US Rep. Ilhan Omar (D-MN) (L) talks with Speaker of the House Nancy Pelosi (D-CA) during a rally with fellow Democrats before voting on H.R. 1, or the People Act, on the East Steps of the US Capitol on March 08, 2019 in Washington, DC. (AFP photo)
The Congressional Budget Office (Photo via The Washington Post)

The US government’s budget deficit hit a record $2.7 trillion in the first nine months of the fiscal year, almost double the largest full-year deficit on record, according to Congressional Budget Office (CBO) estimates.

In June alone, the federal deficit was $863 billion, compared with a deficit of $8 billion in the same month last year, CBO reported Wednesday.

“Revenues were 13 percent lower and outlays were 49 percent higher through June 2020 than during the same nine-month period in the fiscal year 2019,” as per the update, CBO said.

The increase originates from the economic disruption caused by the coronavirus pandemic as well as from the federal government’s response to it.

The deficit is also expected to exceed $3.8 trillion, shattering the $1.4 trillion record set in 2009 when the global financial crisis resulted in the Great Recession.
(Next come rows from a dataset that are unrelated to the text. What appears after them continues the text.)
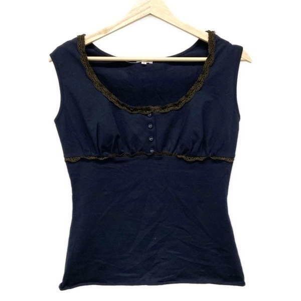 フォクシー FOXEY ノースリーブカットソー サイズ40 M 22167 - ダークネイビー×ダークブラウン レディース クルーネック/レース/BOUTIQUE
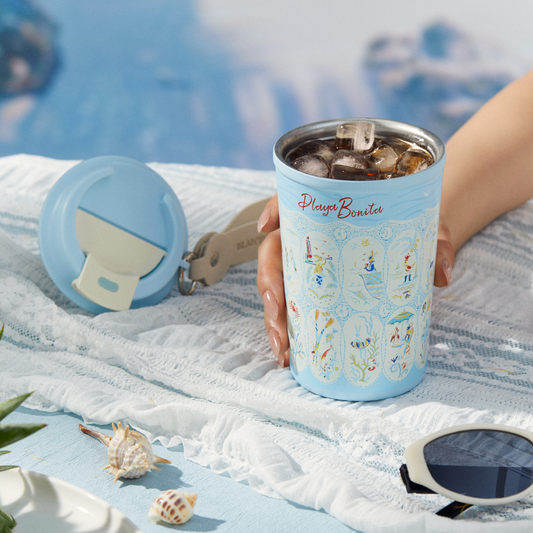 BlanBunny Seaside Diary Travel Mug Thermos Cup Insulated Portable Coffee Mug Keeps Heat and Cold
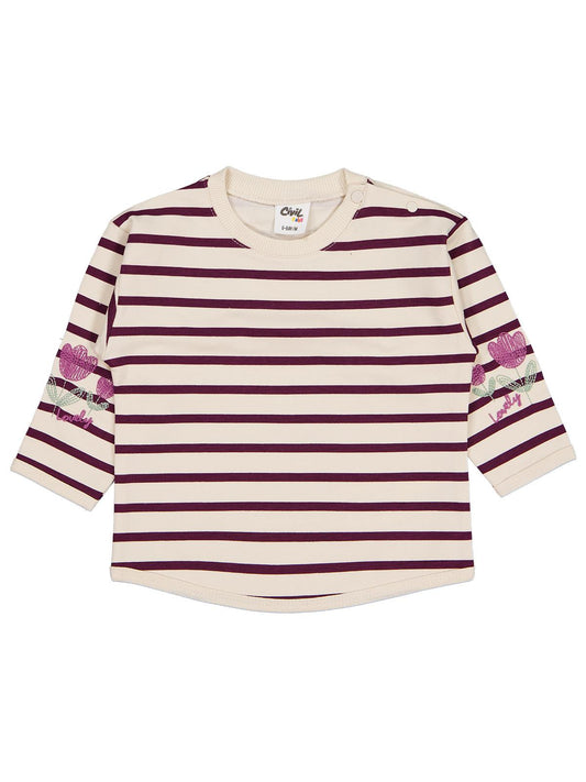 Civil baby çizgi emp. çiçek nakışlı 6-18 ay sweatshirt - bej
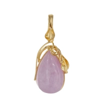 Zawieszka - Kunzyt łza w srebrze złoconym z liśćmi
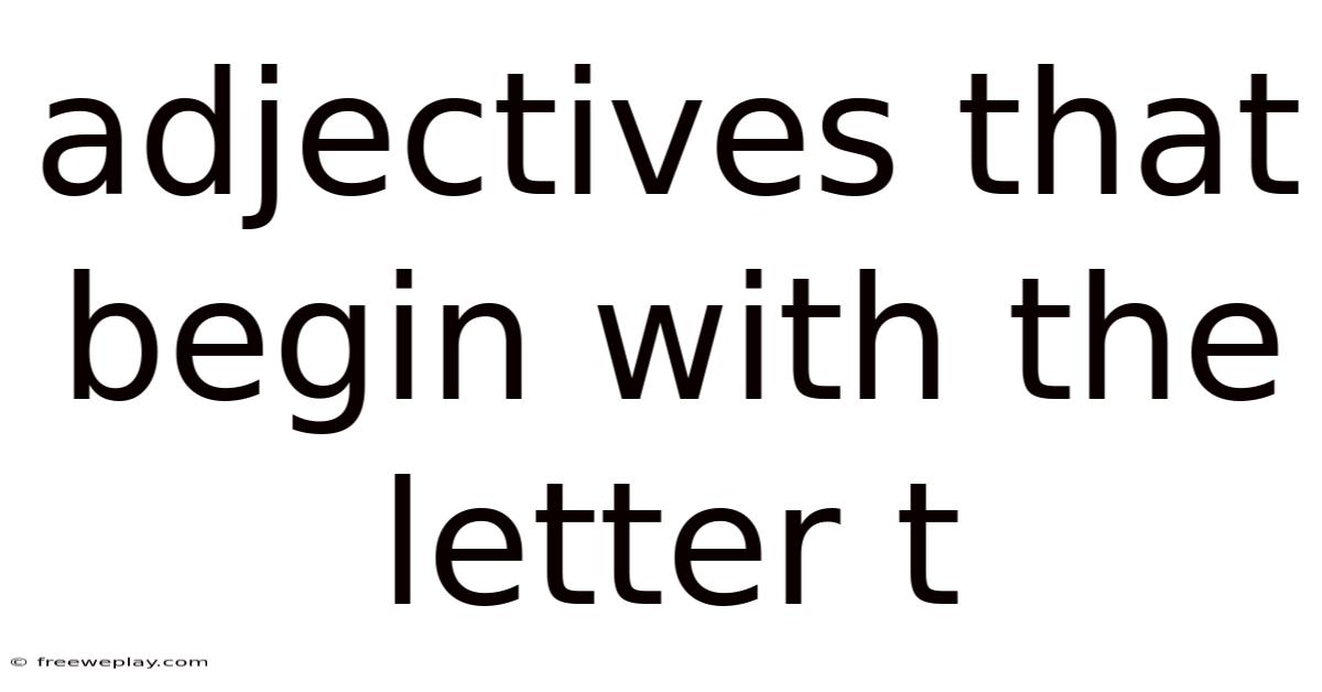 In academic writing, creative writing, or even everyday conversation, the use of adjectives starting with "T" can add depth and clarity. They allow writers to express complex ideas succinctly and effectively. This article will explore the various uses, examples, and tips for incorporating these adjectives into your writing seamlessly.
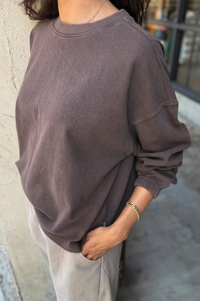 Le Bon Shoppe dreamed this beauty up while searching high and low for a simple crew neck long sleeve with a feminine touch that can be a year round closet fave. She has a slightly boxy fit, sits right at the hip and features an elastic ruched sleeve opening that creates a slight balloon sleeve effect worn down and scrunches up beautifully.
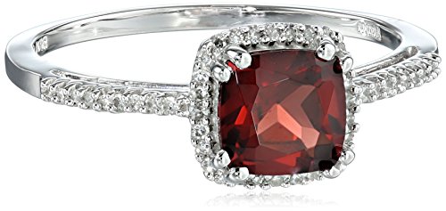 10K White Gold Garnet Cushion with Diamond Accent Ring, Size 7
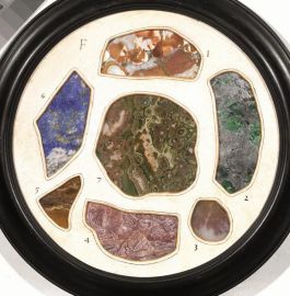 E) 1. diaspro giallo (Russia, Urali), 2. agata fasciata (India Gujarat), 3. diaspro giallo e rosso (Russia, Urali), 4. agata zaffirina del Brasile, 5. turchese tibetano, 6. diaspro bruno, 7. diaspro brecciato F) 1. diaspro brecciato (India Gujarat), 2. verde di Corsica, 3. agata erborizzata (India, Uttarpradesh), 4. diaspro rosso (Egitto, di scavo), 5. diaspro giallo, 6. lapislazzuli di Badakshan, 7. diaspro fossilifero, diam. cm 47 (2)
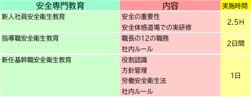 新入社員から管理職まで、階層別に受講する安全衛生教育を定め、実施しています。

CBO estimated that last month outlays increased to $1.1 trillion, of which nearly half went to emergency small-business loans under the Paycheck Protection Program Congress enacted in March to help small companies meet payroll expenses and keep workers.

Spending on unemployment insurance benefits also went up during the same month, as millions of Americans lost their jobs in spite of efforts by many states to keep activity normal after months of shutdowns.
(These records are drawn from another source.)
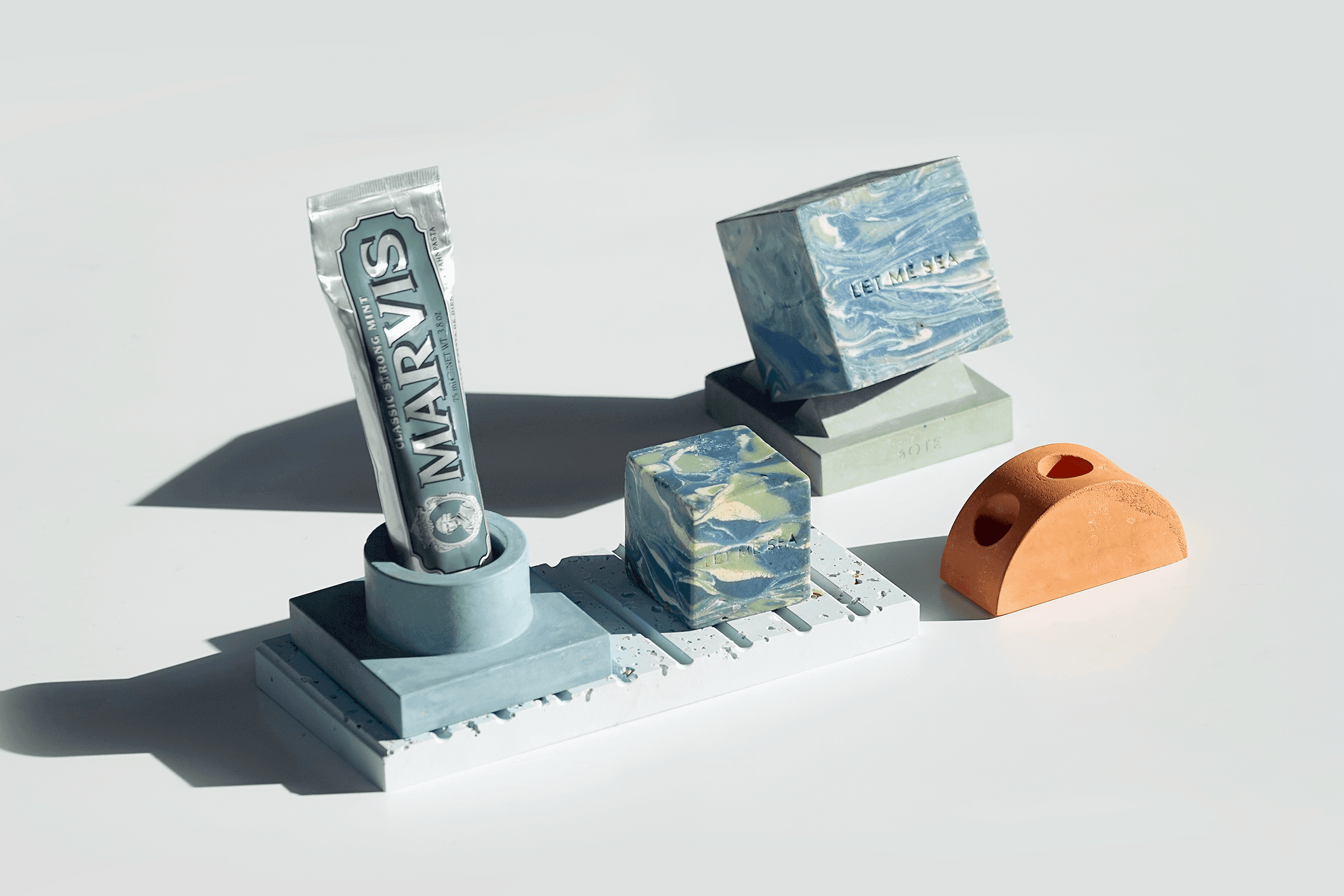 MOTE, a company that produces high-end soaps, sponsored KIDP to develop a product that matches their soaps. We designed several items for Mote soaps and the surrounding environment using concrete as the main material, taking into account the dignified environment in which they are used.
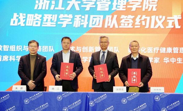 论坛上,WB官网党委书记朱原代表学院与“数智组织与战略团队”首席科学家魏江教授,“技术与创新管理团队”首席科学家吴晓波教授,“数字化医疗健康管理团队”首席科学家华中生教授进行“战略型学科团队”签约。
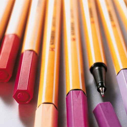 • vhodný pro psaní i rýsování podle šablony nebo pravítka, * oranžový šestihran s bílými proužky na hranách, známý po celém světě, * hrot zasazený v kovovém pouzdře pro dlouhou životnost, * prodyšné víčko v barvě inkoustu, * praktické uzavíratelné pouzdro, * ŠÍŘE STOPY 0,4 MM, [liner 0,4 mm], V nabídce máme i jednotlivé barvy., PRO KOHO JE SADA LINERŮ STABILO POINT 88 IDEÁLNÍ?,     Pro studenty: Zapisujte si poznámky, které zaujmou, a vytvářejte přehledné diagramy a grafy.,     Pro umělce: Tvořte detailní kresby, skici a ilustrace s precizní stopou a zářivými barvami.,     Pro profesionály: Vytvářejte profesionální dokumenty, grafy a prezentace s dokonalou čitelností.,     Pro kreativní duše: Oživte své bullet journals, deníky a DIY projekty., STÁLE VÁHÁTE? ZDE JSOU ODPOVĚDI NA VAŠE OTÁZKY:,     Je liner vhodný pro leváky? Ano, šestihranný tvar lineru zajišťuje pohodlný úchop pro praváky i leváky.,     Rozmazává se inkoust? Inkoust je rychleschnoucí a nerozmazává se ani na běžném papíře.
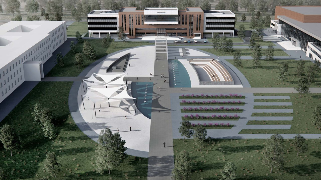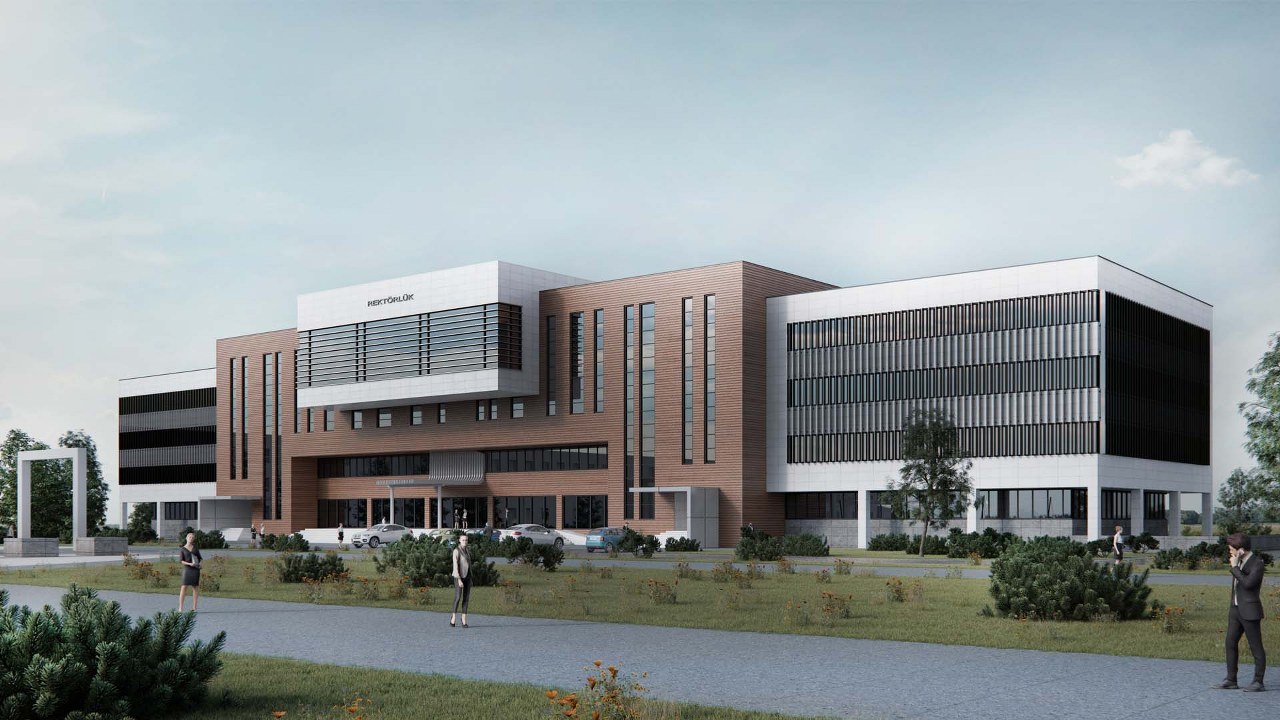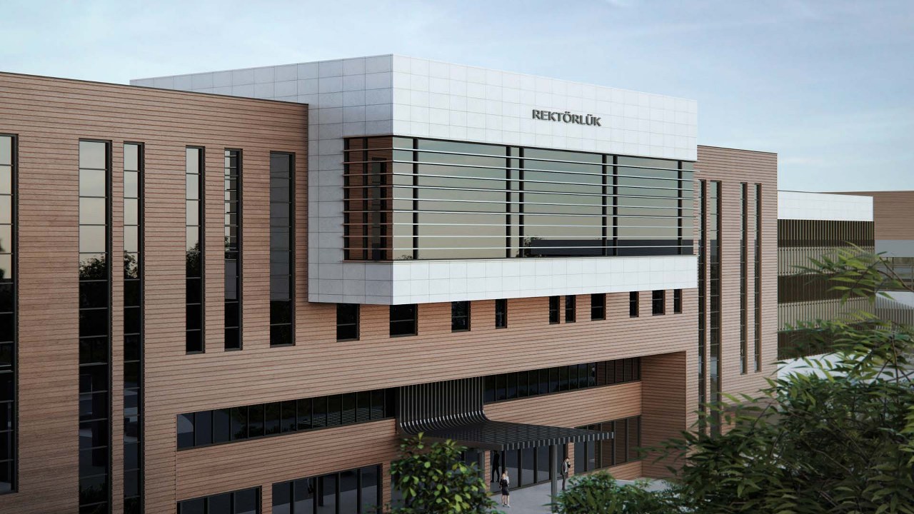 Erzincan Üniversitesi Rektörlük binası; Erzincan Üniversitesi yerleşkesi içerisinde, Kültür Kongre Merkezi yapısının yanında konumlanmaktadır. Rektörlük binası işlevi gerekleri doğrultusunda daha masif ve yatayda baskın kütle hareketiyle alana hâkim olmayı hedeflemektedir. Plan düzleminde iki ana aks üzerine kurgulanmıştır. Giriş aksı yapının simetri ekseni konumundadır, dolaşım alanları da bu aks üzerinde çözülmüştür. Yapının büyük kısmını oluşturan uzun aks boyunca ofisler, müdüriyetler gibi birimler bulunmaktadır. Galeri boşluğu 4 kat boyunca devam etmekte ve hacimleri birbirine bağlamaktadır. Yapı yaklaşık 16.000 m² kapalı inşaat alanına sahiptir.

Outlays for jobless benefits also increased from $2 billion in June 2019 to $116 billion last month, of which nearly half was due to the additional $600 in weekly benefits Congress authorized as part of the Cares Act.

Congress has passed over $3 trillion in health and emergency measures this year to prevent a depression. Meanwhile, another bill is under debate this month as some crucial benefits, such as expanded unemployment, are due to expire.

Meanwhile, Federal Reserve officials raised fresh doubts on Wednesday about the durability of the US economic recovery.

“I do expect unfortunately that the economy is going to remain weaker than many had hoped through the summer and fall,” Boston Fed President Eric Rosengren told Reuters.

Also, Atlanta Fed President Raphael Bostic said high frequency data on small businesses “are suggesting the energy for reopening businesses and for just general activity is starting to level off,” as the number of coronavirus cases is increasing in places like Florida and elsewhere.

Based on the latest quarterly survey of over 500 company chief financial officers, carried out jointly by the Atlanta and Richmond reserve banks and Duke University, the finance chiefs said they were concerned about the weak demand for their products, adding they were expecting job recovery to stall for the rest of the year.